**** Material shown

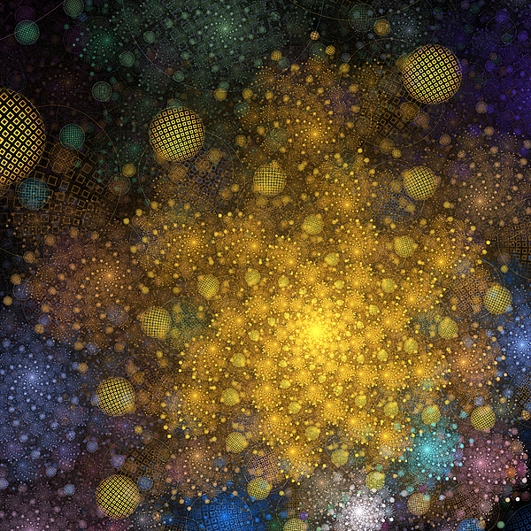 This image is a multicolored, joyful fractal. Fractal art uses mathematical formulas that iterate (repeat), so they can go on to infinity. Spirals... more
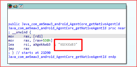 The function getNativeAgentId returns a hardcoded identifier in plain text extracted from the decompiled .so file:
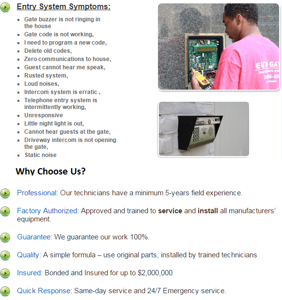 Telephone Intercom Systems: We troubleshoot existing telephone entry systems, intercom systems and gate communication devices. And, if your system is beyond repair Duncanville Electric Gate Repair can install a new one right away.
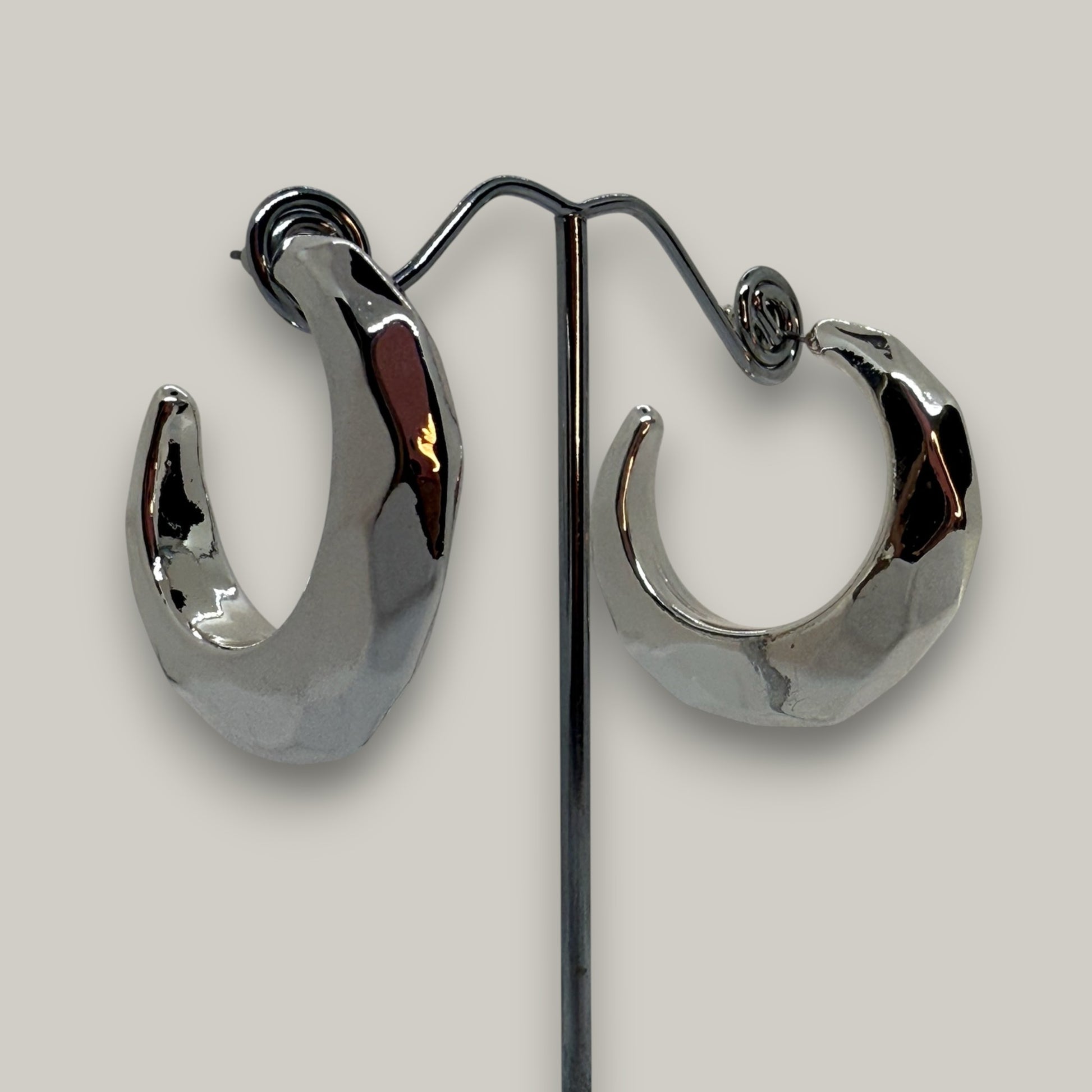 These silver-toned hoop earrings bring a fresh twist to classic style with their softly sculpted wave design that gleams with every turn. Perfect for adding a playful spark to any outfit, they balance sleek elegance with a bold edge, making them your go-to statement accessory for day or night.
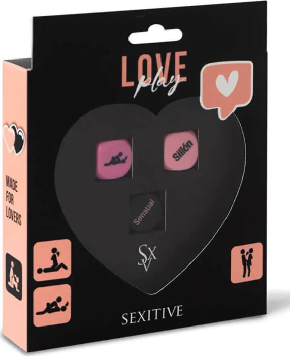 Love Play van SEXITIVE is een set van drie seksspeelgoed-dobbelstenen die intensiteit, posities en plekken combineert. Makkelijk in gebruik, leuk voor koppels die variatie en spontaniteit willen toevoegen aan het voorspel. Compact en direct inzetbaar — geschikt voor beginners en nieuwsgierige paren die zonder voorbereiding willen spelen. Let op: de illustraties beelden heteroseksuele stellen uit.
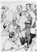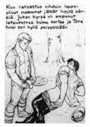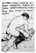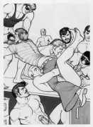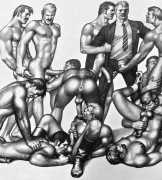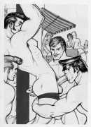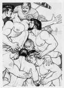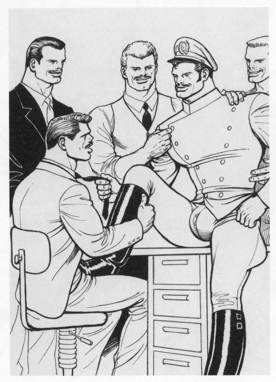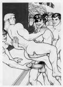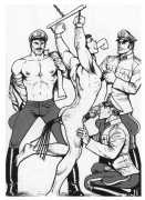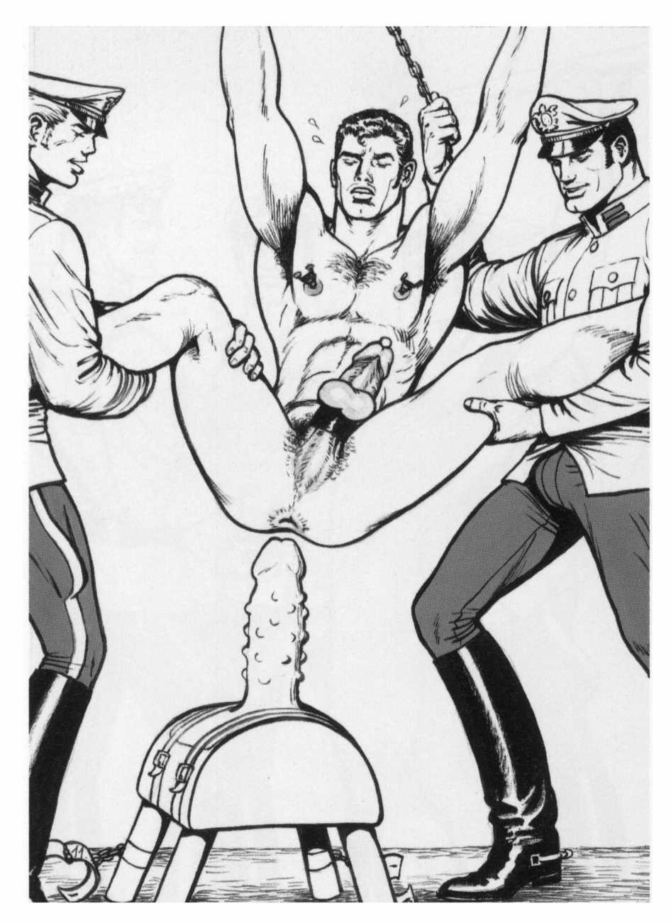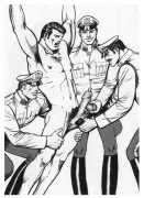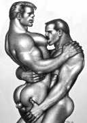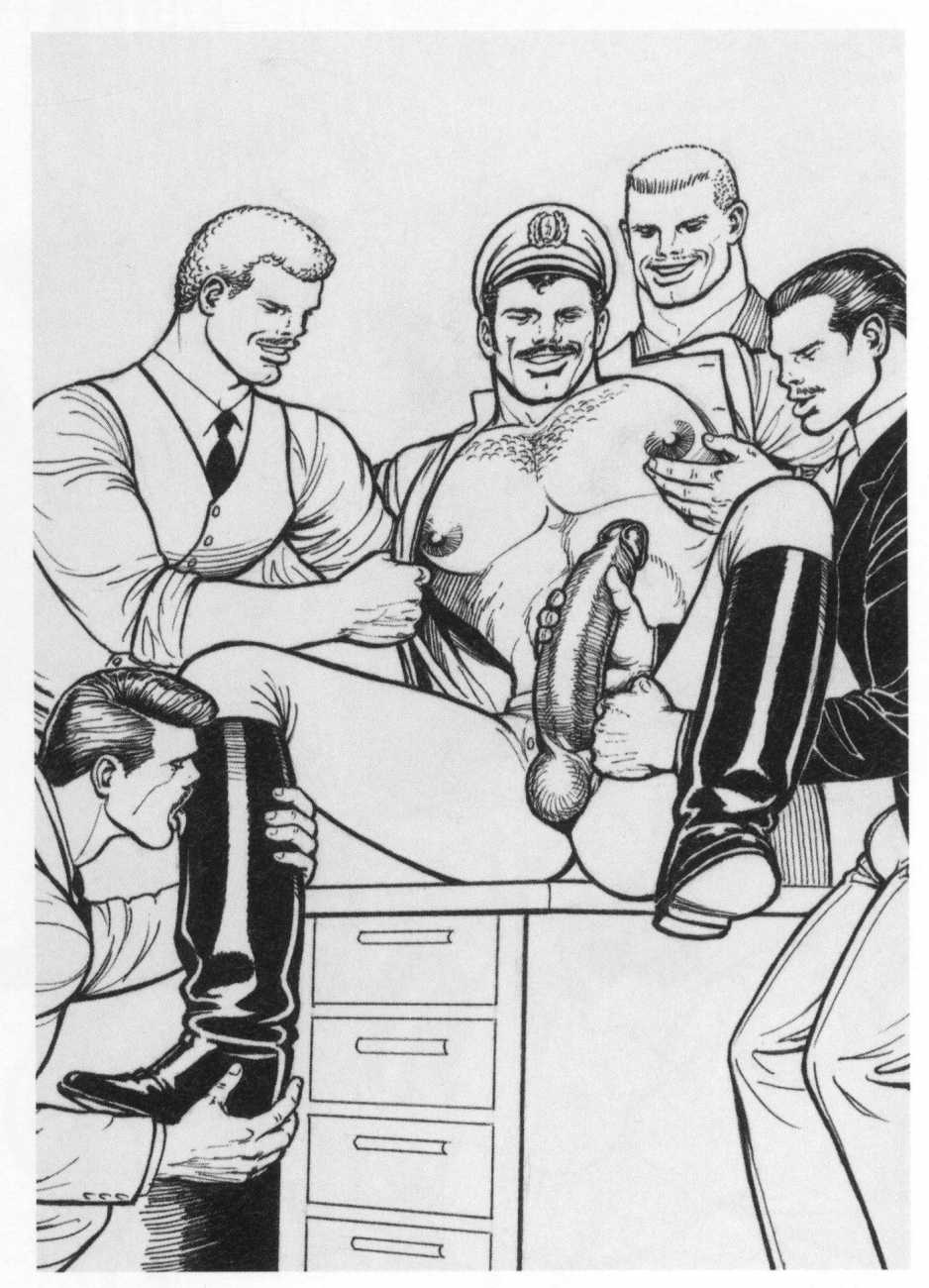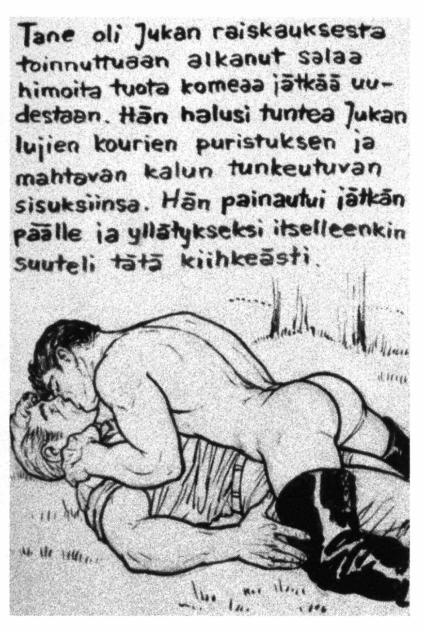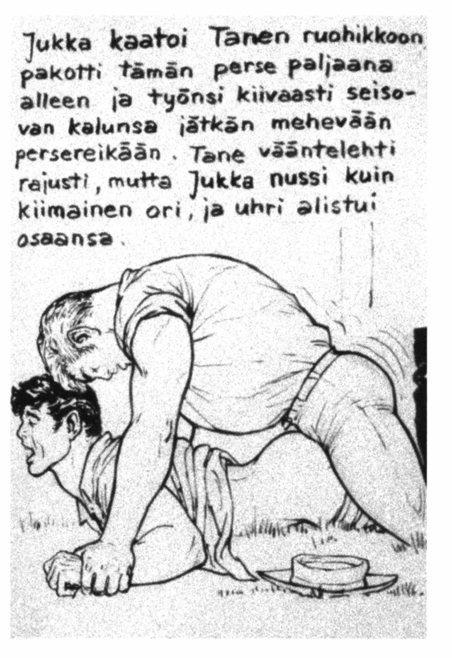 Laaksonen’s style and content in the late 1950s and early 1960s was in the ‘beefcake’ genre, attractive, muscular young men in athletic poses. Their primary market was gay men, but because of the conservative and homophobic social culture of the time, gay erotica was illegal in most countries. During this period Laaksonen was mostly working with private commissions, and his more explicit work remaining unpublished. In 1968, however, he found a market for his work in comic books, including a popular series featuring Kake, a dark-haired, moustached leatherman, who in a series of twenty-six comic books travels the world on his motorcycle to spread the seeds of ecstatically explicit gay sex.
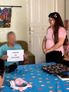 “Ao que você é grato?”. Essa foi a reflexão passada por meio da dinâmica “Cadeira da gratidão” realizada às terças e domingos em abrigos, residência inclusiva e na clínica de recuperação feminina. Tanto crianças, adolescentes e adultos participaram do momento. A iniciativa se dava ao se sentar na cadeira e em compartilhar com todos o motivo de ser grato pelo que se tem e o que há de vir.
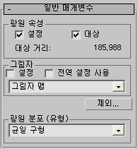 일반 매개변수 롤아웃을 통해 라이트에 대해 그림자 투사를 설정하거나 끄고 라이트에 사용할 그림자 유형을 선택할 수 있습니다.
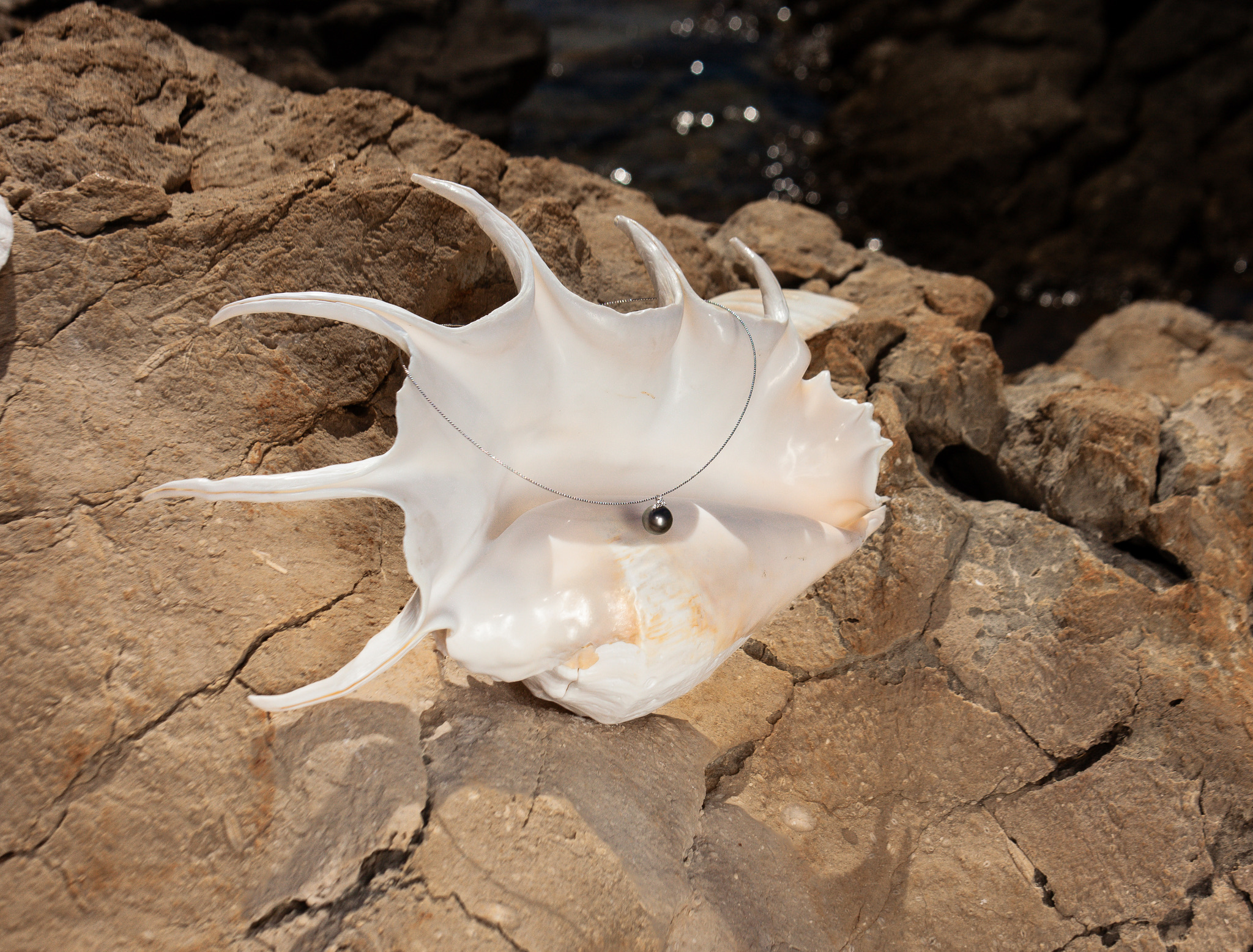 At the heart of the design is a genuine 11mm Tahitian pearl, celebrated for its natural dark body colour and mesmerizing overtones of green, silver, and peacock. Each pearl is hand-selected for its smooth surface, radiant luster, and unique depth of colour — a true treasure from the depths of the ocean.
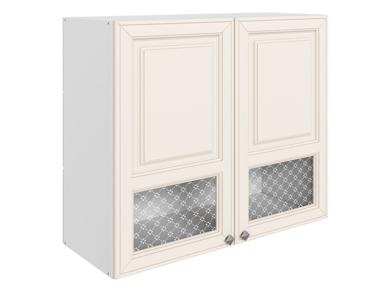 • Навесной шкаф Мишель привлекает внимание стеклянными вставками с очаровательным узором. За распашными дверцами находится отделение с полкой, где удобно хранить посуду для сервировки, чай, кофе или специи.

********

## Task details
Within the listing above, the lines starting at the one containing "일반 매개변수 롤아웃을" and ending at the one containing "At the heart" are to be returned exactly. Omit the pictures.

## The completed task
 일반 매개변수 롤아웃을 통해 라이트에 대해 그림자 투사를 설정하거나 끄고 라이트에 사용할 그림자 유형을 선택할 수 있습니다.
 At the heart of the design is a genuine 11mm Tahitian pearl, celebrated for its natural dark body colour and mesmerizing overtones of green, silver, and peacock. Each pearl is hand-selected for its smooth surface, radiant luster, and unique depth of colour — a true treasure from the depths of the ocean.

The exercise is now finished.